Perform Optical Character Recognition (OCR) on a scanned PDF file containing Arabic text. I use Tesseract OCR to extract text from each page, generate a searchable PDF, and save the OCR text as a separate text file. Can aid in digitizing Arabic text from PDFs and creating searchable documents.
- pdf2image==1.16.3
- tesseract-ocr==5.0.0-alpha.20210506
- pytesseract @ git+https://github.com/madmaze/pytesseract.git@8463b13fbfdc1b17d33f370354e0cd855a9f82e0
- PyPDF2==3.0.1
- tesseract-ocr-ara==1.1.0
- poppler-utils==21.11.0
- Input :
filePath
variable points to your input PDF file. - Output : A new PDF file with searchable text generated from the OCR results and a text file containing the extracted Arabic text for each page.

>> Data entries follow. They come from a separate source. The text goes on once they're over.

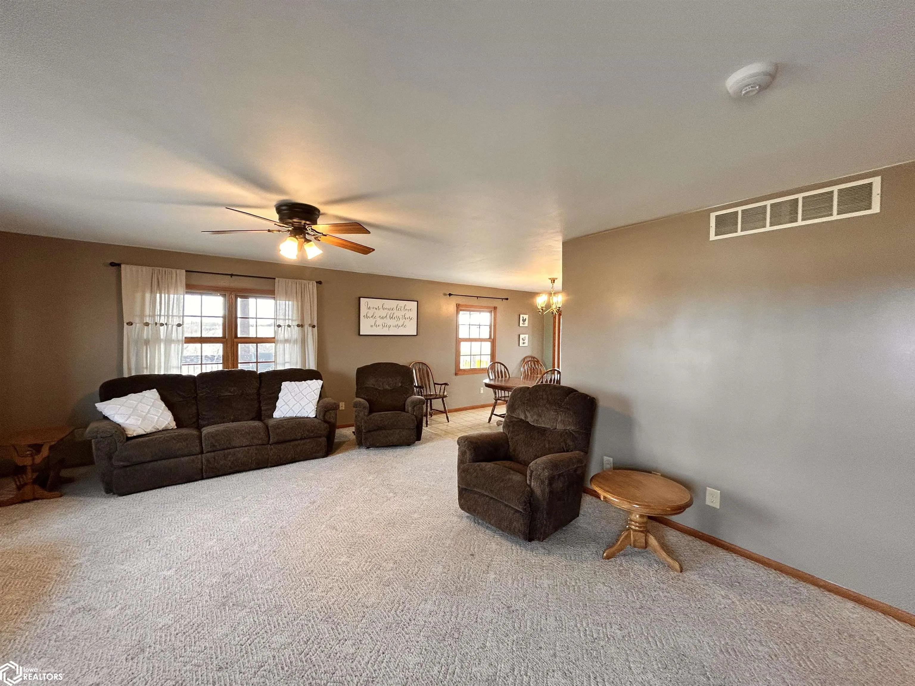 Discover the perfect combination of productivity and rural living with this ranch-style home situated on 40A in northern Davis County. This home features a large informal dining room and kitchen, which comes complete with all appliances and is ready to serve your family. There are 2 bedrooms and a full bathroom on the main level, along with a laundry room that has a large closet that could be a walk-in pantry. The walkout basement has a large family room, the 3rd bedroom, another full bathroom, a large storage room, as well as a 4th non-conforming bedroom. Enjoy the three-season porch or stunning views from the large deck just off of the dining area. Outside you will find a homesteader’s dream. The oversized two car garage includes a hanging furnace and is partially insulated to keep you comfortable working on winter projects. The chicken coop and loafing shed are both included and sit on concrete slabs. Another outbuilding that could be used as tack storage or a playhouse for kids, as well as an outdoor storage shed are also included. There are 23.35 certified crop acres have been in both corn and soybeans, having been alfalfa prior to that. Another 12 acres could be utilized as pasture or hay ground as well, with some fence already in place. Two ponds sit on this property, one of which has a hydrant for livestock, as well as a dock for recreational use. With an average CSR2 of 48.8, this would make a great farm for anyone wanting to get started.
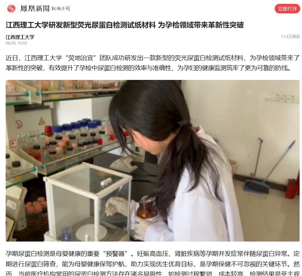 “荧地治宜”团队成功研发出一款新型的荧光尿蛋白检测试纸材料,为孕检领域带来了革新性的突破,有效提升了孕检中尿蛋白检测的效率与准确性,为孕妇的健康监测筑牢了更为可靠的防线。
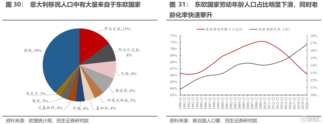 當前主要移民輸出國的老齡化進程也在加速。從美國人口普查局公佈的數據來看,2017-2019年間美國新增移民主要來自於亞洲、南美洲和墨西哥,但這些地區的人口正在向老齡化轉變。在亞洲,中國的勞動年齡人口的絕對數量已經開始下降,正在成爲人口老齡化速度最快的國家;南美洲的勞動年齡人口佔比已接近峯值;墨西哥的勞動年齡人口佔比雖然還在上升,但老齡化率的增長速度正在加快。再來看西歐:西歐國家中意大利的移民數據較爲詳細,在此以意大利爲代表來考察歐洲移民來源國家的分佈。2019年,在所有意大利的新增移民中,出生於羅馬尼亞的移民佔比最多達到15%,其次是阿爾巴尼亞佔比超8%。也就是說,西歐發達國家中,有大量移民來自於東歐。但當前東歐的老齡化率正在迅速攀升,同時勞動年齡人口比例也在下滑。
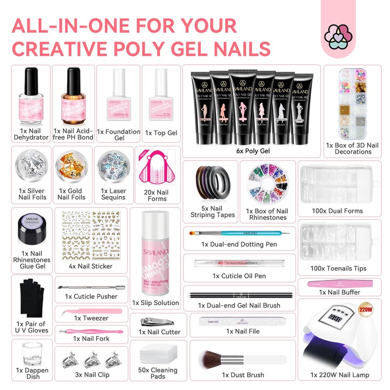 - ALL-IN-1 POLY GEL NAIL KIT: Saviland all-in-1 poly gel nail kit contains 6 charming colors of poly extension gel, 10ml base & top gel, 100pcs dual forms, 1*dual-end nail brush, 1* nail file, 1* 220W U V LED nail lamp, nail decoration and nail art tools. A perfect complete gel extension nail kit for lady home DIY and salon use.
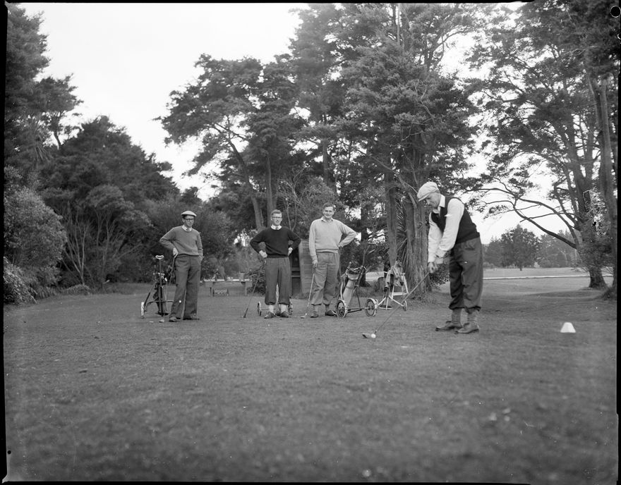 This image was taken for a story that ran in The Manawatu Evening Standard on 10 October 1958: "A study in concentration at the Hokowhitu golf links this morning as M. P. O'Keefe prepares to tee-off during the annual accountants' golf tournament. Watching him (from left) are: A.R. Gibson, R. Keating and J. Thorburn. "
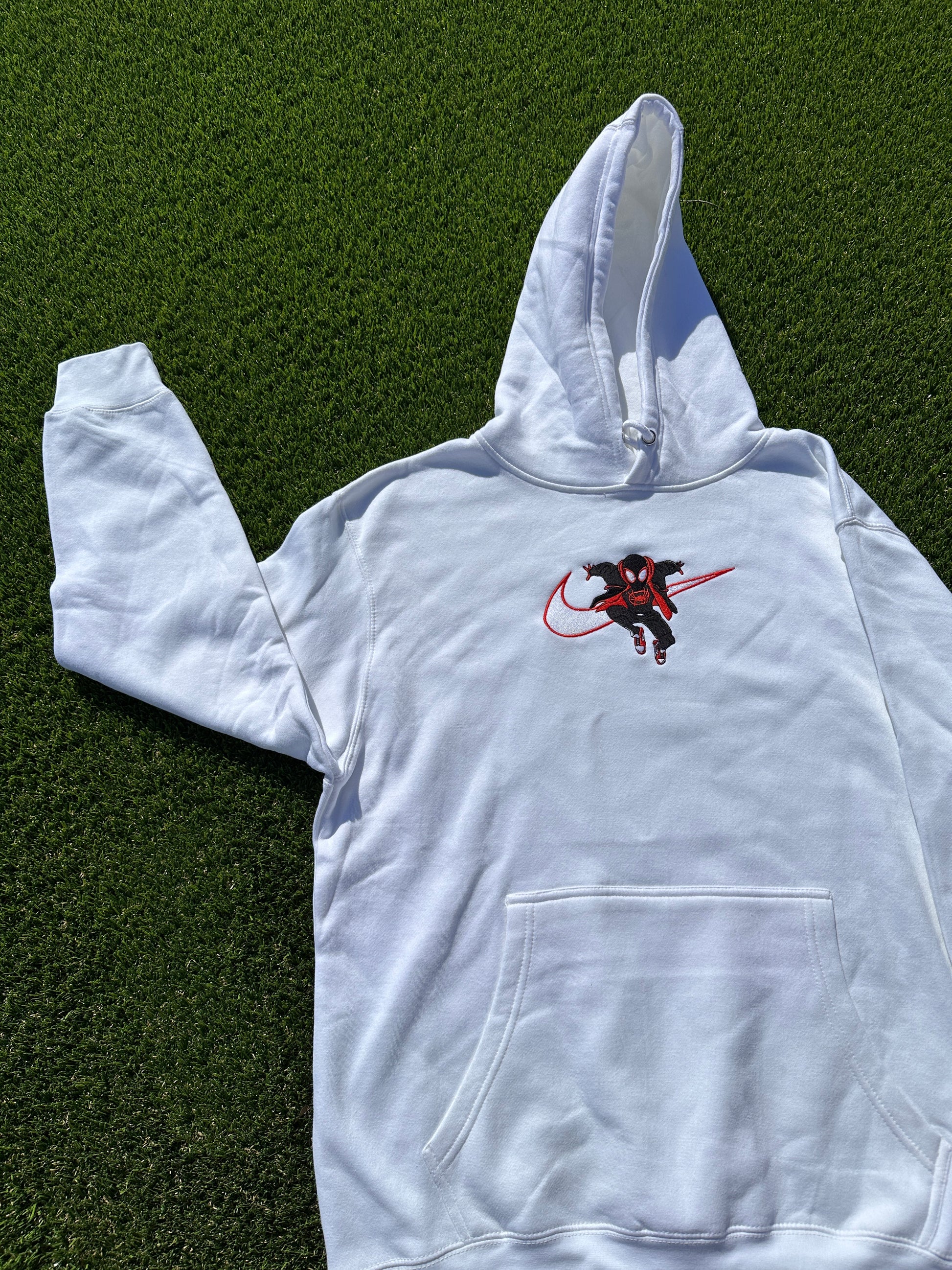 Custom crewneck with Miles Morales swoosh inspired Embroidery

- Install the required libraries from
requirements.txt
. - Modify the
filePath
variable to point to your input PDF file. - Set the path to the Tesseract OCR command in the script if needed by modifying the line -
pytesseract.pytesseract.tesseract_cmd = r'/usr/bin/tesseract'
- Run the script, and the combined PDF and translated text will be saved in the same directory.
Example:
# Set the path to the input PDF file
filePath = '/path/to/your/input.pdf'
# Set the path to the Tesseract OCR command
pytesseract.pytesseract.tesseract_cmd = '/path/to/your/tesseract'
# Run the script
python script.py